Similarly, sharing your knowledge with another market can lead to increased innovation, allowing you to develop and improve both existing products and conceptualise new ones.”

  1. Use AI & Other Technologies

“AI is one of the most exciting developments of the 21st century and is set to revolutionise all industries. SMEs should be taking advantage of implementing AI into their offering, allowing them to stand out in their relevant markets and retain their competitiveness.

AI can also help to improve the decision-making made by a business due to analytics and insights. These can be particularly useful for any markets that are data-driven, but will ultimately help any business with regard to scalability.”

  1. Adapt To Industry Trends

“ World markets are continually changing, meaning industries are constantly having to evolve. By keeping on top of these changes, you allow your business to remain competitive and attract new customers.

This flexibility is one of the key tools to secure long-term success for any SME, and will allow you to capitalise on new opportunities for years to come.”

  1. Seek Feedback

“No business will get it right the first time, and the new and unpredictable changes to the market complicate this. Luckily, by always asking your customers and clientele for ways you can improve your business, you gain valuable insights into your consumer demographic and their needs. Learning from this information will allow you to become one of the most valuable and trusted providers within your industry.”

Peter Marshall, Chief Marketing Officer at Add People, a digital marketing agency specialising in small-to-medium-sized enterprises, had the following to say:

“While apprenticeships are a key feature of many SMEs, they are not vital for their success. One of the main reasons that apprenticeships are so popular is the funding that small employers can gain through their recruitment, allowing these smaller businesses to train staff that work to their standards and ethos. This means they are fully trained for a job role when the apprenticeship concludes.

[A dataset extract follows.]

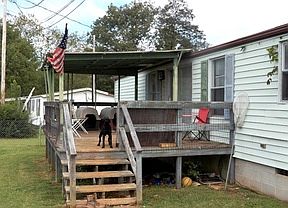 HANDYMAN SPECIAL - Priced $11,000 Below Tax Value. Nice Lake View in fall & winter from this property that sits up on a little hill. Summer view to left has some wires obstructing view. Manufactued Doublewide being sold 'as is' but has potential w/remodeling & renovating. Large living room with gas log fireplace and slider to back covered deck.Has had good rental history. Fenced backyard. Storage building needs work also.

Instead, businesses should focus on long-term solutions at the heart of operations. Making these changes will ensure a healthy future in any market, protecting both the business and the future workforce – including any apprentices!”

Simon Bell, Founder and Director at Careermap, the UK’s leading Early Career website also had the following to add about apprenticeships:
“’Apprenticeships are a win-win situation. Not only for the apprentice but for businesses alike. Training your workforce of the future is vital to keep businesses growing, helping to bridge the skills gap and offering unique perspectives. Reverse mentoring is a hot topic; apprentices can help your organisation do just that by re-energising current employees, encouraging creativity, open-mindedness and innovation.’